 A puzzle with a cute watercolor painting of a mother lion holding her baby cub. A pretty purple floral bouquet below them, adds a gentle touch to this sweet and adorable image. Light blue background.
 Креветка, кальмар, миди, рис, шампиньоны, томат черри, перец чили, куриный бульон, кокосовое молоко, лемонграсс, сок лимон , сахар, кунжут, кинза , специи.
______________________________
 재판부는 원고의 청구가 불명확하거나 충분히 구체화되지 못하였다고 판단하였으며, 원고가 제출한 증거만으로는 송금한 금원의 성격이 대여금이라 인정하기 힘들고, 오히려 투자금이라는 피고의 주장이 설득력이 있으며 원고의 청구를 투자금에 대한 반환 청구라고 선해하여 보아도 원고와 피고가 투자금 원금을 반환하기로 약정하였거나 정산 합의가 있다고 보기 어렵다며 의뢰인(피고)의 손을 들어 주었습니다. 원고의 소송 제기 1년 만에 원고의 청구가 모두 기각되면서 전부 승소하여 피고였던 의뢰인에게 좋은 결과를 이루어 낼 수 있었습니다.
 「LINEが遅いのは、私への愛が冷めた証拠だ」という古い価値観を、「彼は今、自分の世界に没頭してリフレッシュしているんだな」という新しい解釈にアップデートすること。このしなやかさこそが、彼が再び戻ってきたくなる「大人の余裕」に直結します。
______________________________
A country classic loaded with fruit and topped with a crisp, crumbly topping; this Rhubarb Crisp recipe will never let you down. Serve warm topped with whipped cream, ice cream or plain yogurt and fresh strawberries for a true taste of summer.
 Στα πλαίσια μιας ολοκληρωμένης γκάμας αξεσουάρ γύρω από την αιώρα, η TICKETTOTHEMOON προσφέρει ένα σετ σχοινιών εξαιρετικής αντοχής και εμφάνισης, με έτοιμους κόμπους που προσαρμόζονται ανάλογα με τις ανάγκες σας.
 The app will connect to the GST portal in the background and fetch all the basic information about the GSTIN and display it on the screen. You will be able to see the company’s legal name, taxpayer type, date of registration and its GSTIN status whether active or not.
______________________________
## Directions for this task
Within the listing above, give again exactly every line from the line with "A country classic" through the line with "Στα πλαίσια μιας", both included, and no other line.

## Response
A country classic loaded with fruit and topped with a crisp, crumbly topping; this Rhubarb Crisp recipe will never let you down. Serve warm topped with whipped cream, ice cream or plain yogurt and fresh strawberries for a true taste of summer.
 Στα πλαίσια μιας ολοκληρωμένης γκάμας αξεσουάρ γύρω από την αιώρα, η TICKETTOTHEMOON προσφέρει ένα σετ σχοινιών εξαιρετικής αντοχής και εμφάνισης, με έτοιμους κόμπους που προσαρμόζονται ανάλογα με τις ανάγκες σας.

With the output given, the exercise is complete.